Organizations may deploy more than one production Active Directory forests for a variety of business or technical reasons. Often, additional Active Directory forests are deployed well after the production forest has been deployed. In some cases, this occurs years later.
Active Directory was released nearly a decade ago. Over the years, organizations have undoubtedly made numerous schema modifications to their production forest. Identifying these schema modifications to the forest is a challenging task. It's even more difficult to ensure that the schema modifications that were previously made to the production forest are made in new testing forests in a consistent manner.
In this article, I focus on a scenario in which you are deploying a new user acceptance testing ( UAT ) Active Directory forest that will be used by end users to test applications that leverage Active Directory for authentication and authorization. Five custom attributes exist in your production Active Directory schema, and you need to ensure that the schema from the source production forest is consistent with the new target UAT forest.
There are a number of scenarios, however, in which you can use the process I discuss in this article to streamline the management of multiple schemas. There are also scenarios in which this process is not recommended and is not supported. For more on this, see the sidebar "The Flexibility of Schema Synchronization and Comparison."

Exporting the Schema from the Source Forest
The first step is to export the schema from the source forest. This is required so that you can later compare the source forest's schema with the target forest's schema to decide which attributes and classes to synchronize.
The LDIFDE command-line tool, which ships with Windows Server 2003 and Windows Server 2008, can be used to export the schema from the source forest. This tool creates a file that is formatted with the LDAP Data Interchange Format (LDIF). No special permissions are required to export the schema from the source forest, and any domain user can perform this task.
To export the schema from the source forest, do the following:
  1. Log on to a member server or a domain controller.
  2. Open a Command Prompt window.
  3. Type the following into the Command Prompt window:
    ldifde -f PRODSchema.ldif -d CN=Schema,CN=Configuration,DC=WS08DOMAIN01,DC=local
  4. Press Enter.
Figure 1 shows the output you'll see from this command.
Figure 1 Exporting the Schema from the Source Forest
In this command, the -f PRODSchema.ldif parameter tells LDIFDE to write the output to a file called PRODSchema.ldif.

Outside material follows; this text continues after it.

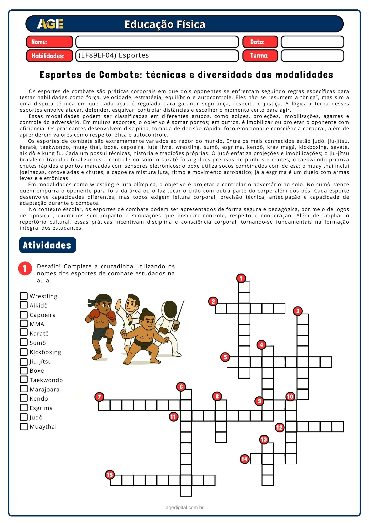 Lutas do mundo e lutas brasileiras, abordando princípios técnicos, regras, ética, respeito e cultura corporal.
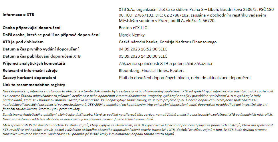 Rozdílové smlouvy jsou komplexní nástroje a v důsledku použití finanční páky jsou spojeny s vysokým rizikem rychlého vzniku finanční ztráty. U 71 % účtů retailových investorů došlo při obchodování s rozdílovými smlouvami u tohoto poskytovatele ke vzniku ztráty. Měli byste zvážit, zda rozumíte tomu, jak rozdílové smlouvy fungují, a zda si můžete dovolit vysoké riziko ztráty svých finančních prostředků. Investování je rizikové. Investujte zodpovědně. Tento materiál je marketingovou komunikací ve smyslu čl. 24 odst. 3 směrnice Evropského parlamentu a Rady 2014/65/EU ze dne 15. května 2014 o trzích finančních nástrojů, kterou se mění směrnice 2002/92/ES a směrnice 2011/61/EU (MiFID II). Marketingová komunikace není investiční doporučení ani informace doporučující či navrhující investiční strategii ve smyslu nařízení Evropského parlamentu a Rady (EU) č. 596/2014 ze dne 16. dubna 2014 o zneužívání trhu (nařízení o zneužívání trhu) a o zrušení směrnice Evropského parlamentu a Rady 2003/6/ES a směrnic Komise 2003/124/ES, 2003/125/ES a 2004/72/ES a nařízení Komise v přenesené pravomoci (EU) 2016/958 ze dne 9. března 2016, kterým se doplňuje nařízení Evropského parlamentu a Rady (EU) č. 596/2014, pokud jde o regulační technické normy pro technická ujednání pro objektivní předkládání investičních doporučení nebo jiných informací doporučujících nebo navrhujících investiční strategie a pro zveřejnění konkrétních zájmů nebo náznaků střetu zájmů nebo jakékoli jiné rady, a to i v oblasti investičního poradenství, ve smyslu zákona č. 256/2004 Sb., o podnikání na kapitálovém trhu. Marketingová komunikace je připravena s nejvyšší pečlivostí, objektivitou, prezentuje fakta známé autorovi k datu přípravy a neobsahuje žádné hodnotící prvky. Marketingová komunikace je připravena bez zohlednění potřeb klienta, jeho individuální finanční situace a nijak nepředstavuje investiční strategii. Marketingová komunikace nepředstavuje nabídku k prodeji, nabídku, předplatné, výzvu na nákup, reklamu nebo propagaci jakýchkoliv finančních nástrojů. Společnost XTB S.A., organizační složka nenese odpovědnost za jakékoli jednání nebo opomenutí klienta, zejména za získání nebo zcizení finančních nástrojů, na základě informací obsažených v této marketingové komunikaci. V případě, že marketingová komunikace obsahuje jakékoli informace o jakýchkoli výsledcích týkajících se finančních nástrojů v nich uvedených, nepředstavují žádnou záruku ani předpověď ohledně budoucích výsledků. Minulá výkonnost nemusí nutně vypovídat o budoucích výsledcích a každá osoba jednající na základě těchto informací tak činí zcela na vlastní riziko.

The -d CN=Schema,CN=Configuration,DC=WS03DOMAIN01,DC=local parameter tells LDIFDE to use the schema partition as the root of the LDAP search. The DC=WS08DOMAIN01,DC=local part of the command must be replaced with the distinguished name of the forest root domain in your source forest.

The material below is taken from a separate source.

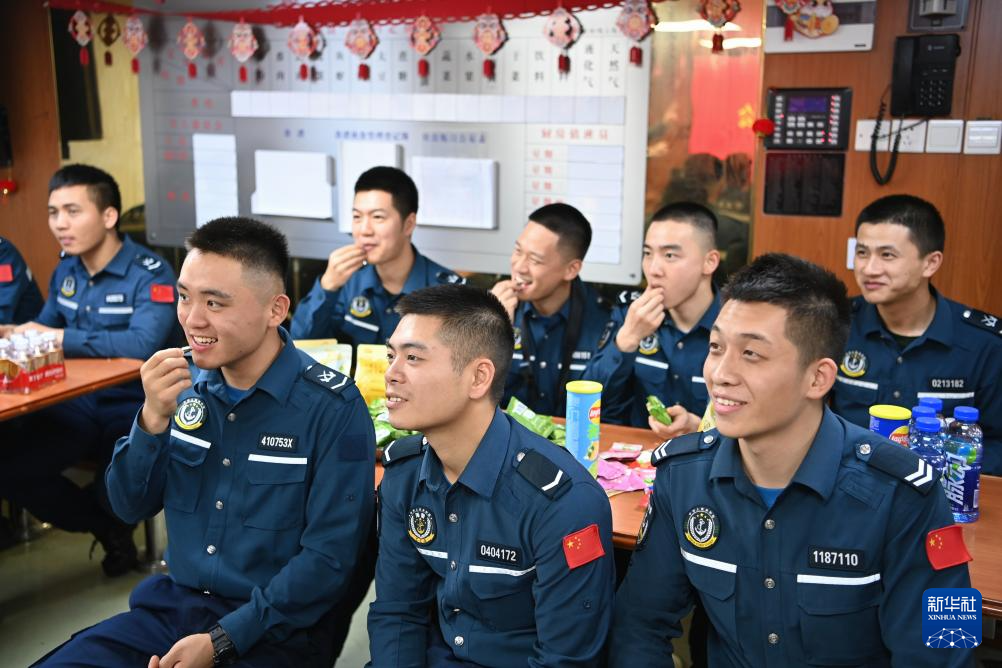 中国海警万山舰编队是农历马年首支在黄岩岛海域执行维权执法任务的海警编队,海警执法员们将在海上度过马年春节。“舰艇迎春破浪去,平安守岁载歌还”,坚守岗位的海警执法员们对新的一年满怀憧憬和祝福,祝福伟大祖国繁荣昌盛,祝愿所有家庭幸福美满。

Figure 2 Load target schema window
Compare the Active Directory Schemas
Now that you have exported the schema from the source forest, you are ready to compare this schema with that in the target forest. This step allows you to identify any attributes and classes that exist in the source forest but do not exist in the target forest.
Windows Server 2008 includes the AD DS/LDS Schema Analyzer tool when the Active Directory Lightweight Directory Services server role is installed. It can be used to compare schemas in a number of different ways. Note that this tool was previously called the AD Schema Analyzer in Windows Server 2003. In this article, I refer to it as the AD DS/LDS Schema Analyzer since my examples are using Windows Server 2008. The steps in the comparison and export, however, can also be performed using the Windows Server 2003 version of this tool.

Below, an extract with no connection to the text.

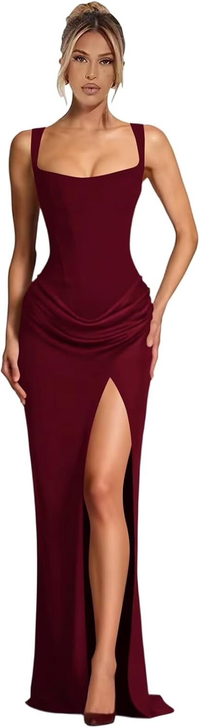We are committed to creating pretty and fitting dresses for every customer.This satin dress with exquisite workmanship that is very suitable for women to attend various events. Details Fabric : High quality Satin dress.100% Handmade Neckline: Square Neck Back Details : Lace up If you are not sure of the size, We can recommend sizes for you or customize them for free.Please send me your measurements below: Bust _____ in Waist _____in Hips _____in Hollow to Floor ____ in

To compare the Active Directory schemas of the source and target forests, do the following:
  1. Log on to a member server or a domain controller that has AD LDS installed and belongs to a domain in the target forest.
  2. Find the PRODSchema.ldif file that was created in the previous section and copy it to the server you log on to.
  3. Go to Start, click Run, and type the following: C:\WINDOWS\ADAM\ADSchemaAnalyzer.exe
  4. Hit Enter and the AD DS/LDS Schema Analyzer will open.
  5. On the File menu of the AD DS/LDS Schema Analyzer window, click Load target schema.
  6. In the Load target schema window, shown in Figure 2, click the Load LDIF button.
  7. Browse to the location of the LDIF file and click Open.
  8. The LDIF file will be imported into the AD DS/LDS Schema Analyzer.
  9. On the File menu, click Load base schema.
  10. In the Load base schema window, enter a domain controller to connect to in the Server[:port] field, a username, a password, and a domain, as shown in Figure 3.
  11. Click Ok.
  12. To filter for the non-present elements, select Hide present elements from the Schema menu. The missing elements will be listed under the Attributes node, as shown in Figure 5.
  13. Expand the Attributes node and the present and non-present elements (attributes and classes) will be listed, by default. The attributes that are consistent between forests appear with a checkmark in the box beside the element name, as shown in Figure 4. The elements that exist in the source forest, but are missing from the target forest appear with an empty box.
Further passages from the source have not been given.